We had no issues importing just 2 years ago and my in laws did the same last summer. Bought new, Subaru Outback. Here is how:
http://sustainablepersonalfinance.com/new-car-import-diy-save-thousands/

Wrote 5 or 6 articles on the topic on our site


----------



## spirit (May 9, 2009)

Sproket 1200 asked why replace the same car if we have low kilometers on the one we own. Actually, my husband is asking the same question...(; He loves the rear wheel drive Lexus. He had the 400 LS model and replaced it with the 430. That's the one he is driving now. In 2007 Lexus went with a 460 motor which we feel is getting too big. He only puts on about 20 K a year so this 2005 with 30K will probably be the last car he owns. We really do not need an SUV. He likes his Lexus, I love my Acura 3.2 and I do not think he will find another car with the same features as the Lexus.
We see a nice car with low K. I am also a bargain hunter and think we should spend the money now and enjoy the car while we are still young. Besides this car is pearl white and is absoutely a beauty. It would put a smile on his face and I could remind him each day just how happy he is because of me. And how much is that worth?


----------



## GregGH2 (Nov 26, 2011)

Hi

got a quick minute - check this thread out on importing cars ....(smile)

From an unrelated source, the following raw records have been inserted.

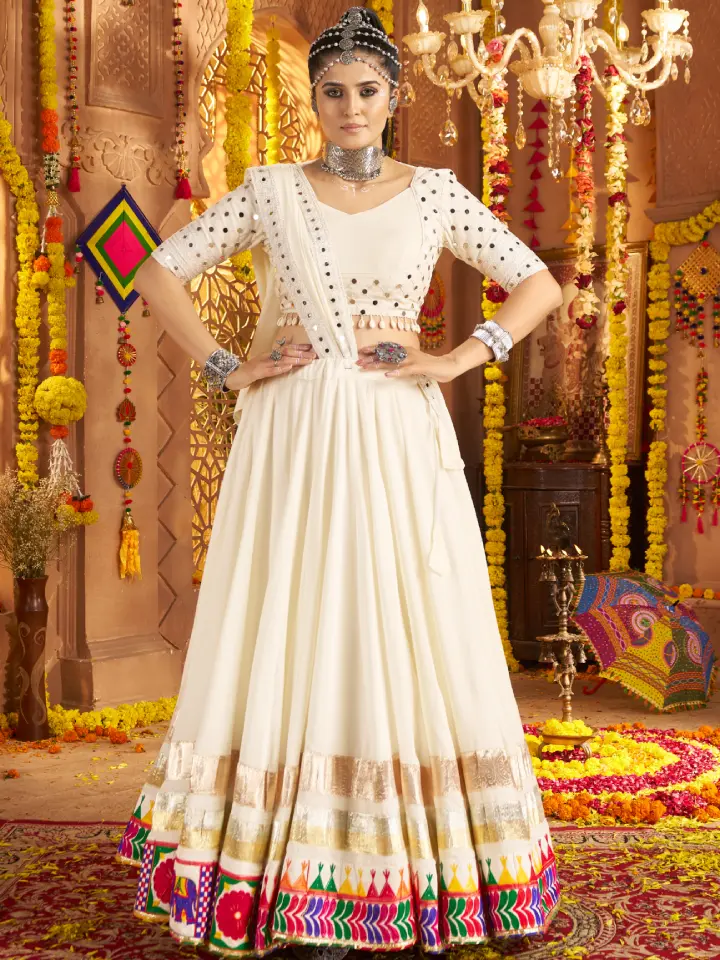 Rajgharanaa chaniya choli white exudes purity, elegance, and classic festive style. Crafted with lightweight fabrics and delicate embroidery, it ensures comfort during energetic garba dancing. Perfect for women seeking a timeless and graceful look, this outfit combines traditional artistry with modern aesthetics, making Navratri celebrations stylish and memorable.
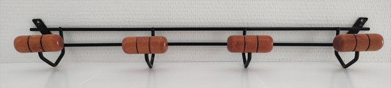 Modernist design wall-mounted coat rack in black lacquered metal with four varnished wooden hooks. French work from the 1960s. Good overall condition. Minor signs of wear in places (paint chips at the screw points and paint wear at friction points – see photos and zoom). Total length 62 cm.
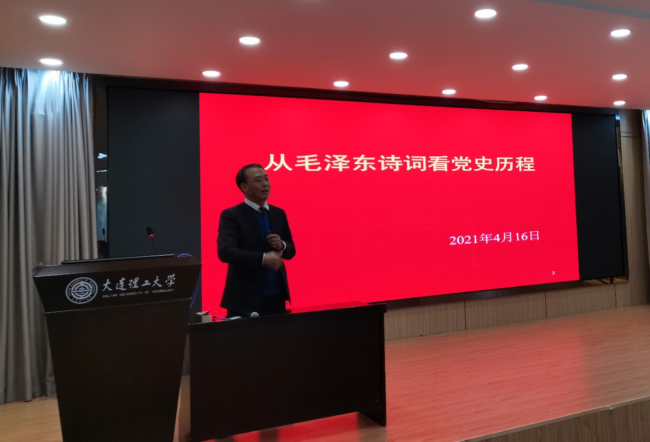 杨春平老师以《从毛泽东诗词看党史历程》为题,从毛泽东诗词的视角,引导师生学习中国共产党历史。学生时代,他要“指点江山”;大革命时,他问“谁主沉浮”;创建苏区,他“惩腐恶”“缚鲲鹏”;漫漫长征,他缚苍龙、裁昆仑;解放战争,他“过大江”“追穷寇”;胜利以后,他“送瘟神”“换新天”“驱虎豹”“争朝夕”……毛泽东诗词是历史的画卷,英雄的史诗。毛泽东诗词是毛泽东和中国共产党领导中国人民赢得新中国、建设新中国的诗的历史,历史的诗。他的诗鼓励人们“到中流击水”,浪遏飞舟,鼓舞全国人民,以“只争朝夕”的精神状态,以“不到长城非好汉”的坚定信念和“自信人生二百年,会当水击三千里”的无比信心,憧憬光明宏伟的未来,为中华民族伟大复兴而奋斗不息!
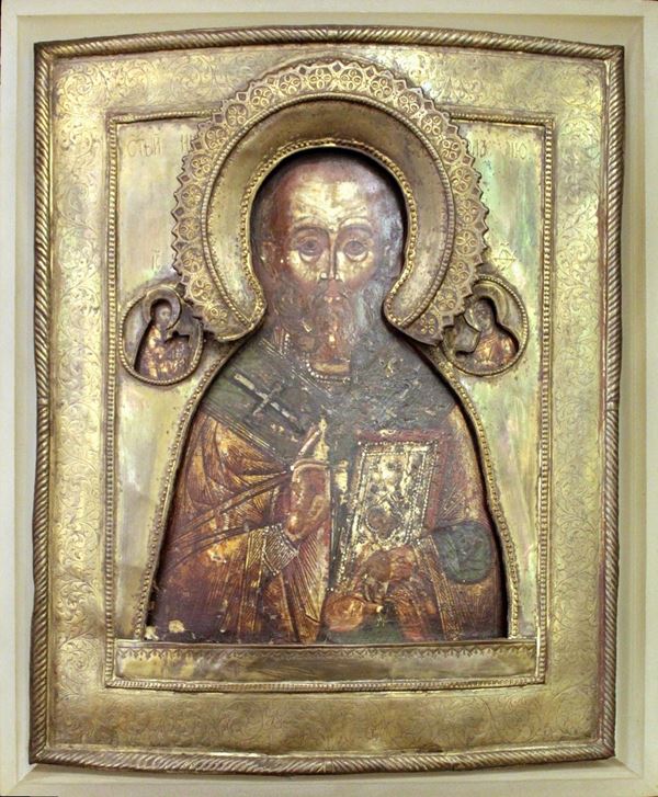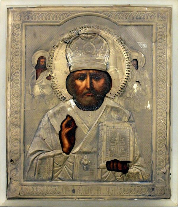tempera su tavola, rizza in argento, entro unica cornice metacrilato

http://forums.redflagdeals.com/wow-new-used-cars-us-up-30-cheaper-read-post-1-a-307601/

now --that is one big thread ...

Greg


----------



## Sustainable PF (Nov 5, 2010)

That was the thread I used to learn how to import. In the end I took 1 day off of work and saved about $9500 when compared to buying the same vehicle in Canada. I'll be buying our vehicles in the US from here on out - I can't justify paying the 20%-30% markup for a vehicle sold in Canada.



GregGH2 said:


> Hi
> 
> got a quick minute - check this thread out on importing cars ....(smile)
> 
> ...


----------



## Sampson (Apr 3, 2009)

Sustainable PF said:


> I'll be buying our vehicles in the US from here on out - I can't justify paying the 20%-30% markup for a vehicle sold in Canada.

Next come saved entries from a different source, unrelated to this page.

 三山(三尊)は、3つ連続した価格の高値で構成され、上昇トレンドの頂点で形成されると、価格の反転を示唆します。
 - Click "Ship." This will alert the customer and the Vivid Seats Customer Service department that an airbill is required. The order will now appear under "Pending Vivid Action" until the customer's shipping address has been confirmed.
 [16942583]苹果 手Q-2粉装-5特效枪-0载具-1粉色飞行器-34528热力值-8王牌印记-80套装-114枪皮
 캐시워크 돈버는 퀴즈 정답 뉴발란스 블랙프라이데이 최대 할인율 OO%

The difference in pricing has narrowed significantly in recent years, and for some warranty coverage is worth a little bit. But overall, I agree shopping in the US for a car makes sense now, mainly due to the strength of our currency, if it goes back to $0.85 or $0.65, then definitely not worthwhile.


----------



## Sustainable PF (Nov 5, 2010)

There is a stigma for resale as well. This is changing, slowly. We don't plan to resell our Outback. It will get driven into the ground.
I agree $0.65 makes it not worth it but @ $0.85 I would still look at the difference in prices and consider importing.
I don't have issues w/ the warranty. I get work done, pay the local dealer, send receipts to Subaru of America and they send me a cheque. Only had some minor issues for about $65 but I got the money back.



Sampson said:


> The difference in pricing has narrowed significantly in recent years, and for some warranty coverage is worth a little bit. But overall, I agree shopping in the US for a car makes sense now, mainly due to the strength of our currency, if it goes back to $0.85 or $0.65, then definitely not worthwhile.


----------